In my mind, the dark side of the Finnish nature is what I understand and recognize in my musical roots.


I couldn't help but associate the longing notes of this song today to the idea of mono no aware, a fundamental aspect of Japanese poetry, sometimes translated as the "pathos of things" or the "ah-ness" of things. It is that bitter-sweet evanescense of last night's sunset that disappears even as you look at it, the colours changing moment by moment, until light fades into darkness, like a kiss that must end.

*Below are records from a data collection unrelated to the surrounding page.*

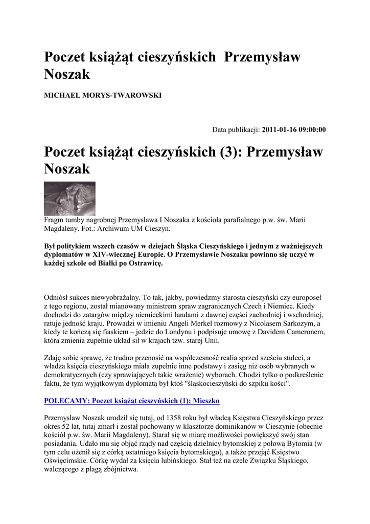 Poczet książąt cieszyńskich Przemysław Noszak MICHAEL MORYS-TWAROWSKI Data publikacji: 2011-01-16 09:00:00 Poczet książąt cieszyńskich (3): Przemysław Noszak Fragm tumby nagrobnej Przemysława I Noszaka z kościoła parafialnego p.w. św. Marii Magdaleny. Fot.: Archiwum UM Cieszyn. Był politykiem wszech czasów w dziejach Śląska Cieszyńskiego i jednym z ważniejszych dyplomatów w XIV-wiecznej Europie. O Przemysławie Noszaku powinno się uczyć w każdej szkole od Białki po Ostrawicę. Odniósł sukces niewyobrażalny. To tak, jakby, powiedzmy starosta cieszyński czy europoseł z tego regionu, został mianowany ministrem spraw zagranicznych Czech i Niemiec. Kiedy dochodzi do zatargów między niemieckimi landami z dawnej części zachodniej i wschodniej, ratuje jedność kraju. Prowadzi w imieniu Angeli Merkel rozmowy z Nicolasem Sarkozym, a kiedy te kończą się fiaskiem – jedzie do Londynu i podpisuje umowę z Davidem Cameronem, która zmienia zupełnie układ sił w krajach tzw. starej Unii. Zdaję sobie sprawę, że trudno przenosić na współczesność realia sprzed sześciu stuleci, a władza księcia cieszyńskiego miała zupełnie inne podstawy i zasięg niż osób wybranych w demokratycznych (czy sprawiających takie wrażenie) wyborach. Chodzi tylko o podkreślenie faktu, że tym wyjątkowym dyplomatą był ktoś "śląskocieszyński do szpiku kości". POLECAMY: Poczet książąt cieszyńskich (1): Mieszko Przemysław Noszak urodził się tutaj, od 1358 roku był władcą Księstwa Cieszyńskiego przez okres 52 lat, tutaj zmarł i został pochowany w klasztorze dominikanów w Cieszynie (obecnie kościół p.w. św. Marii Magdaleny). Starał się w miarę możliwości powiększyć swój stan posiadania. Udało mu się objąć rządy nad częścią dzielnicy bytomskiej z połową Bytomia (w tym celu ożenił się z córką ostatniego księcia bytomskiego), a także przejąć Księstwo Oświęcimskie. Córkę wydał za księcia lubińskiego. Stał też na czele Związku Śląskiego, walczącego z plagą zbójnictwa. I ten sam Przemysław Noszak był doradcą cesarza Karola IV Luksemburskiego, a później jego syna i następcy Wacława IV. Władca, rezydujący na Górze Zamkowej w Cieszynie, co jakiś czas opuszczał swoją siedzibę, by udać się w daleką podróż. Dwukrotnie był w Paryżu, gdzie za pierwszym razem próbował ratować sojusz czesko-francuski, a za drugim doprowadzić do zakończenia wojny stuletniej, którą prowadziły Francja i Anglia. W Londynie zaaranżował małżeństwo króla Ryszarda II z czeską królewną Anną; przy okazji otrzymał stałą pensję od zadowolonego monarchy. W 1384 roku doprowadził do, swoją drogą krótkotrwałego, rozejmu między walczącymi państwami niemieckimi. Dwa lata później był gubernatorem Czech pod nieobecność króla. Jak na władcę Księstwa Cieszyńskiego, kariera wręcz niesamowita. POLECAMY: Poczet książąt cieszyńskich (2): Kazimierz I Pod koniec XIV wieku w Czechach zaczęto patrzeć niechętnie na obcokrajowców w królewskim otoczeniu i Przemysław Noszak stracił miejsce w radzie królewskiej. Starał się dalej prowadzić aktywną działalność polityczną, mimo wieku i pogarszającego się stanu zdrowia. Ze względu na podagrę musiał być noszony w lektyce, stąd przydomek Noszak. Zmarł w 1410 roku, mając około 75 lat. W ostatnich latach można było przeczytać sporo w lokalnych mediach o dyskusjach wokół nazw ulic i rond. Może zamiast sięgać do panteonu bohaterów ogólnonarodowych warto zwrócić uwagę na wspomnianego księcia cieszyńskiego? Z pewnością nie będzie budził kontrowersji, a za to "ulica (czy rondo) Przemysława Noszaka" w pewien sposób będzie przypominała o najwybitniejszym z Piastów Cieszyńskich.
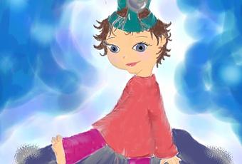 Los duendes, empapados y despeinados, supieron también que lo iba a lograr. Empezaron a tirarle piedrecitas que le marcaran el camino y Julia las seguía segura de que arriba del todo, sólo estaría a un saltito pequeñito de su destino. Cuando llegó, estiró los brazos todo lo que pudo, se puso de puntillas, cogió aire y … de pronto su mano se entrelazó con la del último duende de una larguísima cadena de ellos que pendía de la punta de la Luna creciente.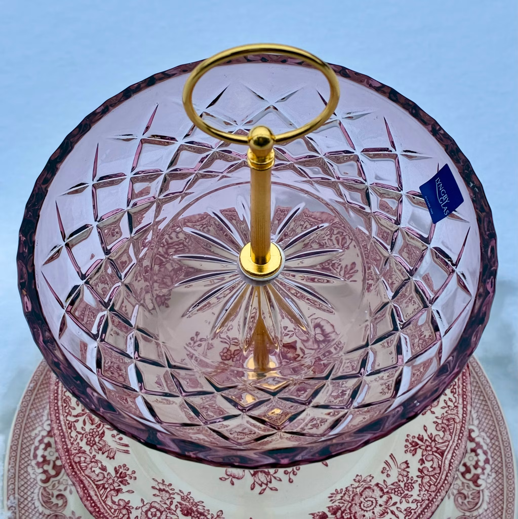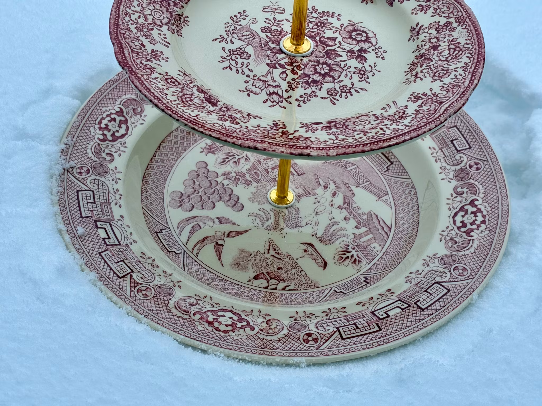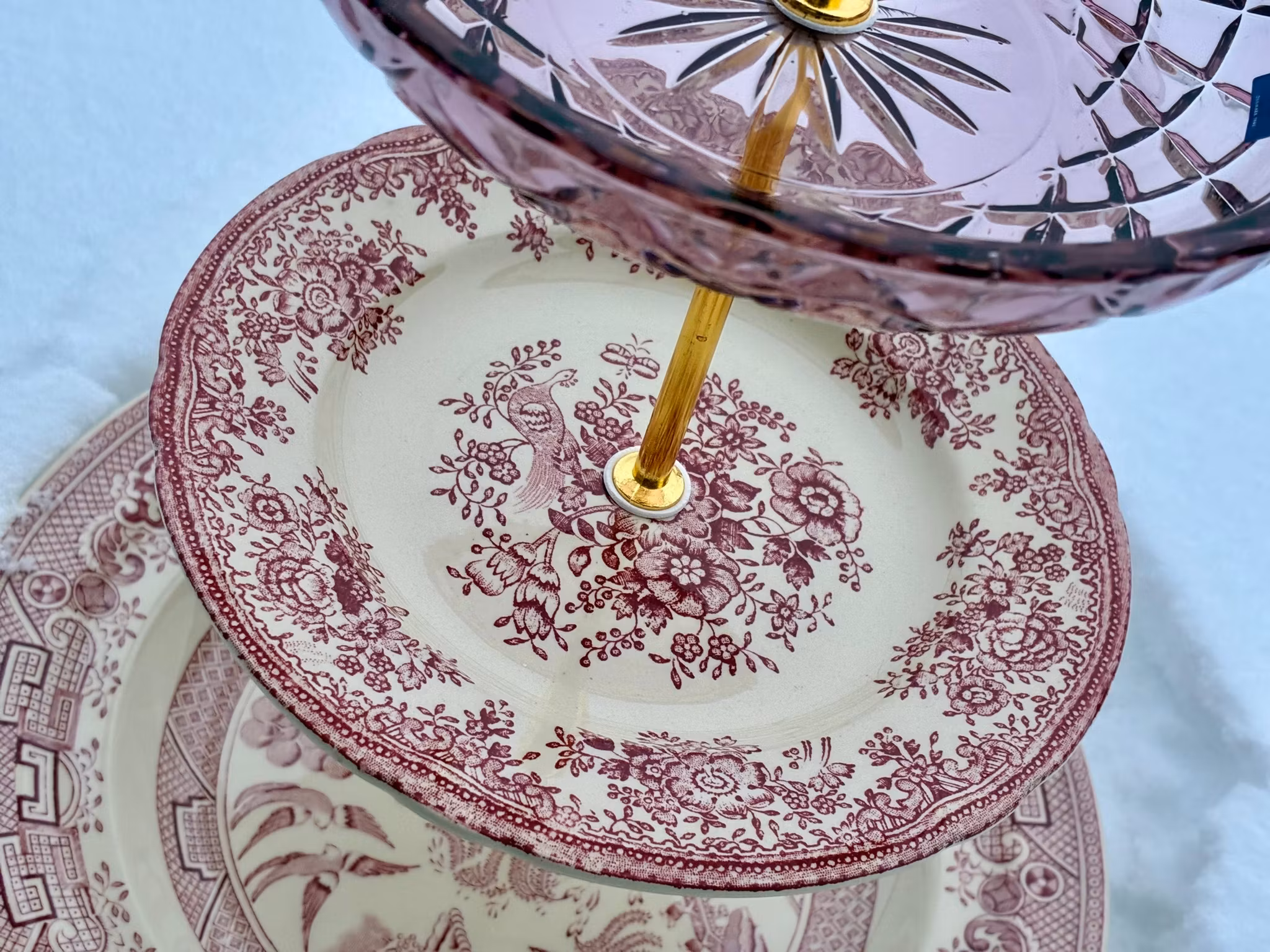 Dette elegante etasjefatet er en vakker kombinasjon av klassisk svensk porselen og moderne glass. De nederste etasjene er laget av Old Gustavsberg med rikt, rødt transfermønster – fullt av detaljer og historie. På toppen troner en ny asjett i glass fra Lyngby, som gir fatet et lett, elegant og litt overraskende uttrykk.

It is also perhaps why I love gardens. If I were to compare, I'd say I liked perennial gardens vs gardens filled with bedding plants of annuals. But even that would not be precise. I just love gardens that manage to embrace the changing seasons, gardens that celebrate the ephemeral, often exuberant blossom, and have room to contemplate the shattered petals that have fallen, the dying colours of autumn, the ripening fruit on the vine, the bare branches of winter.


For it is always with a pang of sadness that I enter a beautiful garden. I long to hold on to the moment. Perhaps that is why I take so many photographs. But I know the moment will not last. The flowers fade. Seed heads form and are carried away. And even in the stillness of winter under the snow, life is renewing itself under the ground.